In connection with the Notes Offering, the Company has entered into capped call transactions with one or more of the initial purchasers and/or their respective affiliates (the “Option Counterparties”) and intends to use a portion of the net proceeds of the Notes Offering to pay the cost of such transactions. The capped call transactions are generally expected to reduce potential dilution to existing holders of the Class A ordinary shares and ADSs of the Company upon conversion of the Notes, with such reduction subject to a cap, and subject to the Company’s ability to elect, subject to certain conditions, to settle the capped call transactions in cash (in which case the Company would not receive any ADSs from the Option Counterparties upon settlement of the capped call transactions). If the initial purchasers exercise their option to purchase additional Notes, the Company expects to enter into additional capped call transactions. As part of establishing their initial hedges of the capped call transactions, the Option Counterparties or their respective affiliates expect to trade the ADSs and/or enter into various derivative transactions with respect to the Company’s ADSs concurrently with, or shortly after, the pricing of the Notes. This activity could increase (or reduce the size of any decrease in) the market price of the ADSs or the price of the Notes at that time. If any such capped call transactions fail to become effective, whether or not the Notes Offering is completed, the Option Counterparties may unwind their hedge positions with respect to the ADSs, which could adversely affect the value of the ADSs and, if the Notes have been issued, the value of the Notes.

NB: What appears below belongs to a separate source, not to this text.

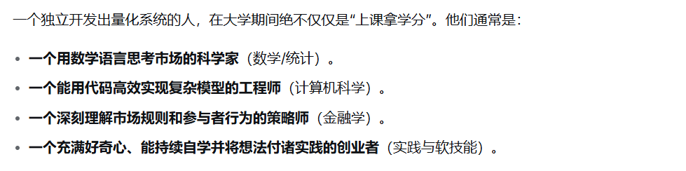 上面是工程实现层面的东西。其实真正核心的部分其实在于选股逻辑:这个就需要你学习基础的金融市场知识,理解交易机制与常用指标,你得思考怎么样找到影响股价的关键因子,网上那些烂大街的双均线之类的策略就算了。这部分还会涉及到一些统计学知识,比如你可以使用相关性分析等方法,初步判断你的哪个指标对股票涨跌的影响更显著。量化的优势就是对数据的利用效率,这个市场可以赚钱的模式太多了,吃透一种就够了,加油少年 。

In addition, the Option Counterparties or their respective affiliates may modify their hedge positions by entering into or unwinding various derivative transactions with respect to the Company’s ADSs, the Notes or other securities of the Company and/or purchasing or selling the Company’s ADSs, the Notes or other securities of the Company in secondary market transactions following the pricing of the Notes and prior to the maturity of the Notes (and are likely to do so following any conversion of the Notes, or repurchase of the Notes by the Company on any fundamental change repurchase date, the repurchase date or otherwise, in each case, if the Company exercises the relevant election under the capped call transactions). This activity could also cause or avoid an increase or a decrease in the market price of the ADSs or the price of the Notes, which could affect noteholders’ decision to convert the Notes and, to the extent the activity occurs around the time of any conversion of the Notes, could affect the amount and value of the consideration that noteholders will receive upon conversion of such Notes.
The cap price of the capped call transactions initially represents a premium of 75% to the NYSE closing price of the Company’s ADSs on June 26, 2019, which was US$7.38 per ADS, and is subject to adjustment under the terms of the capped call transactions.
The Company expects to close the Notes Offering on or about July 1, 2019, subject to the satisfaction of customary closing conditions.
This press release shall not constitute an offer to sell or a solicitation of an offer to purchase any of these securities, nor shall there be a sale of the securities in any state or jurisdiction in which such an offer, solicitation or sale would be unlawful.